Men on the other hand, were more or less free from this type of judgment, and did not have to necessarily answer to anyone. Their decisions and their judgments were final, because that’s what they were raised to believe. Women were, perhaps, the ones who strove for some sort of perfection in the domus, while men were the ones who made the hard and fast decision for his family. Women were expected to judge and scrutinize the actions of other women, perhaps as a means to perfect their own domus. Men, however, did not have to strive for this type of perfection. They had to worry about the survival of their family, not the survival of their traditions. Surviving in itself, in a new city as an immigrant, was all that was necessary. As a poor immigrant, all men were in the same shoes, and so no man could judge another.

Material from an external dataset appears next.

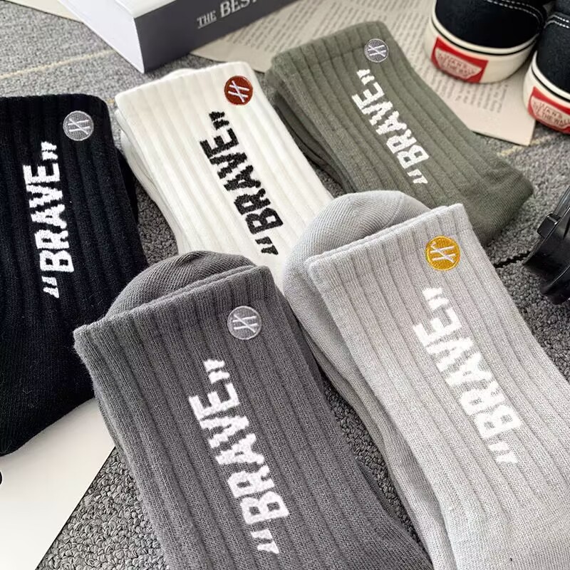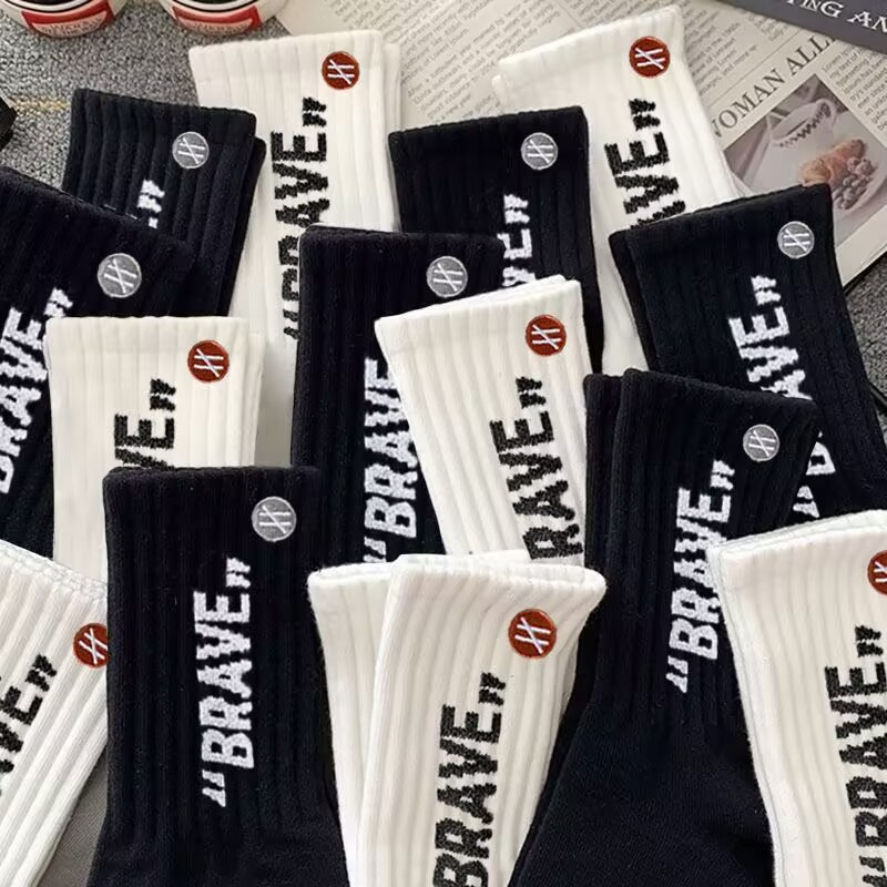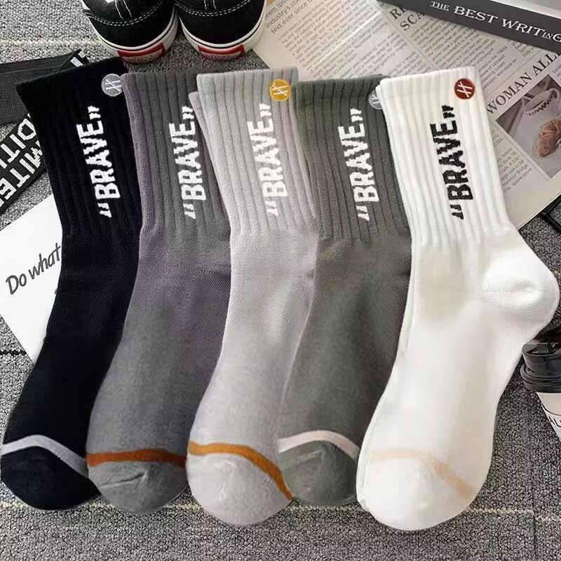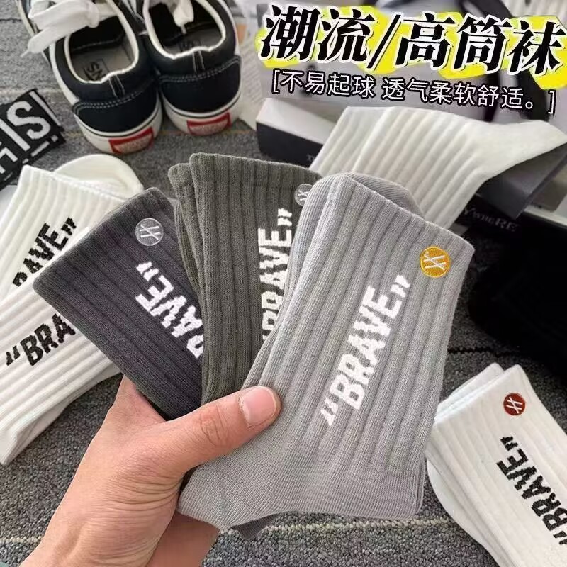 靴下男女共通白黒中筒靴下四季純色スポーツ靴下吸汗防臭ins潮男生運動長

And so, the woman may have been considered inferior simply because she was always being judged by everyone in the community, whereas men were not.

-Christina Torossian

The Madonna on 115th Street 129-149, 163-178

The role of the Italian women as Orsi describes it is puzzling. They seem to be held to contradictory expectations. On the one hand “married women with children were the source of power and authority in the domus….” And yet when Covello interviewed Marie Concilio, she told him that Italian women were really just supposed to “help mother in spoiling father and the brother…” It seems strange; women hold the power to make all of these decisions about everyone in the domus, and yet they act as the servants of the household.

If Mother was so powerful, why was she waiting on everyone else? She had worked hard to get to where she was, enduring the grueling years of being meticulously watched through her childhood and adolescence and ensuring that she did absolutely nothing to taint her reputation. Once she was settled in her role as the matriarch of the domus, she did not seem to reap the respect that she earned.

I think the answer to this conundrum is reflected in the next section of the reading, where we took a closer look at the intense devotion that the Italians had to their religion and traditions.  The faithfulness that these immigrants showed towards their Southern Italian lifestyle is astounding. They worshipped their statue of the Virgin and held the procession of the festa one week a year to reaffirm their devotion. The Madonna was the center of their life, and she was the solver of all problems.

What helped me to better understand a woman’s place in Italian Harlem was when Orsi wrote about women going to pray to the Madonna for help. He writes, “ These problems were never presented as personal…the crisis always threatened the domus.” The Italian matriarch was not a dictator; she was a selfless leader, devoted to using her power as head of the domus only for the good of the domus.

This is what respect means for the Italians. We’ve already discussed that Italian immigrants were willing to work the worst of jobs and hours if only to benefit their families. This was the true role of the Italian woman, to work hard to ensure the continuity of the domus. Her working to serve everyone in her household was not a sign of her low status. On the contrary, it meant that only she was capable of caring for everyone and deciding what was best for each member of the domus. The power given to her in her role in the home was to be used for, and only for, the good of the domus.

Response #6 Madonna of 115th Street (pgs. 129-149, 163-178)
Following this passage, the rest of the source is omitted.